A l'automne 2005, je réalise un rêve vieux d'une quarantaine d'années : aller au Népal!

 Dans les années précédant 68, le mouvement hippy, nous faisait rêver, nous, jeunes provinciales, encore coincées dans les principes, à une forme de liberté que nous n'avions jamais envisagée.

 En pension, imposée par les parents et sous la férule d'une autre autorité, nous n'avions d'autre choix que de rêver à ouvrir les grilles de ce que nous pensions être une prison.

 Et cet automne 2005, je me suis rapprochée de mon vieux rêve en même temps que du toit du monde et j'ai alors compris qu'un rêve ne peut être qu’utopie quand je me suis souvenue de Maya Guacamole, une amie de classe qui l'avait suivi.

 En feuilletant mon carnet de voyage, me reviennent les chemins bordés de cannabis, les rues de Katmandou et ses dédales aux immeubles délabrés, témoins de cette époque.

 Tout au long de mon voyage et de mes découvertes, j'ai donc imaginé ce qu'avait été la vie de Maya, élève comme moi de l'Ecole Hôtelière, tellement rebelle à l'égard des autorités et institutions et qui elle, était partie, à 20 ans pour vivre le grand voyage.

 

Je l'ai imaginée jusqu'au jour où elle m'a conté son aventure, bien des années plus tard....

 Elle me dit : Si j'avais su que cette belle aventure n'était qu’utopie ! Si j'avais su...mais il fallait sans doute que je la vive !

 J'étais à cette époque, tombée éperdument amoureuse d'un garçon parce que justement il m'emmenait sur des chemins de traverse, hors de toute autorité, disait-il, hors des contraintes, puisque là-bas, nous n'aurions plus besoin de rien, disait-il toujours.

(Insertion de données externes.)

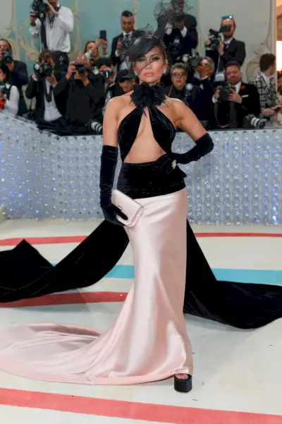 Lopez kääntyi jälleen Ralph Laurenin puoleen saadakseen veistoksellisen mekon, jossa oli musta samettiriimupääntie ja vaaleanpunainen silkkisatiinihame. Halusimme vangita vaikutuksen, joka Karl Lagerfeldillä on ollut kaikkiin muodin parissa, mutta hyvin Ralph-, hyvin J.Lo-tavalla, laulaja ja näyttelijä sanoivat yhteistyöstä, joka osoitti kunnioitusta edesmenneelle Chanelin luovalle johtajalle. Pukuun kuului iso musta samettinen rusetti, joka kulki Lopezin takana, kun hän kulki ylös Metropolitan Museum of Artin portaita pitkin, mutta se ei ollut kaukana ainoasta näyttävästä yksityiskohdasta, joka yhdistettiin silkkisatiini-iltakäsineiden kanssa. , Philip Treacyn verhottu lumoava ja Lorraine Schwartzin korut.
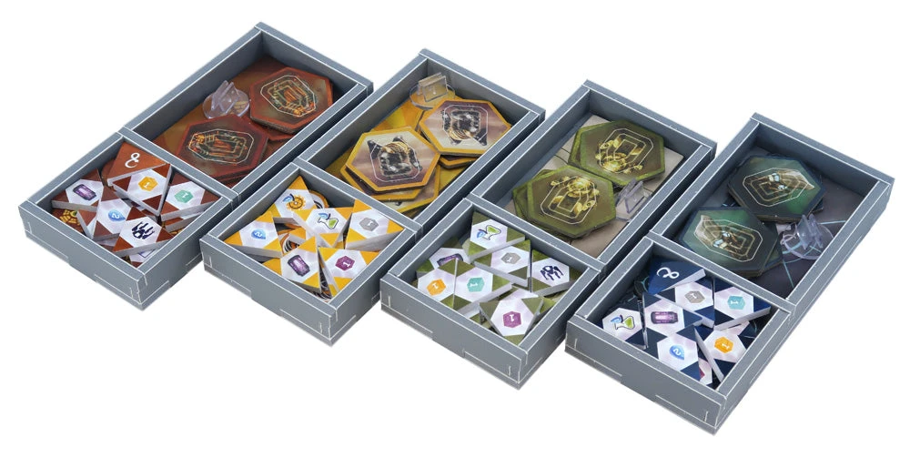 The trays are arranged in up to two layers. The insert also works with the metal resource cubes and resin player & energy core tokens.

Le rêve était là, à portée de mains...

 

A notre arrivée au Népal, nous avons rejoint une communauté où la liberté semblait régler la vie quotidienne. Très vite, on m'initia au calumet de la paix : le cannabis dont les plans couvraient les campagnes environnantes.

 De ce fait , à Katmandou, la vie m'est très vite apparue facile, bien qu' assez rapidement aussi, je me sois interrogée sur le but de ma démarche : qu'étais-je venue chercher, là, et qu'allais-je y trouver vraiment? On m'aidait rapidement à chasser ces idées « bourgeoises » issues sans doute de mon éducation chez les Dupont.

 La vie s'écoulait, sans but, sans projets malgré de longues discussions stériles surtout quand nous avions trop fumé de cannabis...

 Un matin, la police a fait une rafle dans tous les squats Hippies, que nous occupions dans le centre historique de Katmandou.

 Nous nous retrouvâmes des dizaines au poste puis sans plus de procédure, en prison.

 Là, j'ai pris conscience de ce qu'était la liberté, ce mot si galvaudé.

 Et je me suis retrouvée, en geôle, avec tout ce que cela représente de répressions, interdictions, et corruptions. La drogue circulait toujours moyennant bakchich ! Les conditions de survie étaient effroyables, pas d'hygiène et nous partagions nos cellules avec les rats, cafards et autres vermines qui pullulaient.

 Nous sentions nos vies filer hors de nos corps amaigris.

 Ha ! Si je n'avais pas suivi cet homme !

 Cet enfer dura des mois qui me mirent dans l'état proche de la folie et me faisait regretter l' Ecole Hôtelière et la sévérité de mon éducation que j'avais quittées pour être « libre »

 Un matin, le directeur du pénitencier vint nous faire l'annonce, sans autre forme de procès : Hauts-parleurs :

 Le roi du Népal a décidé que pour les condamnés étrangers de droit commun, la peine de mort ne sera pas appliquée si l'enfant que la famille royale attend est un mâle et pourra être l'héritier.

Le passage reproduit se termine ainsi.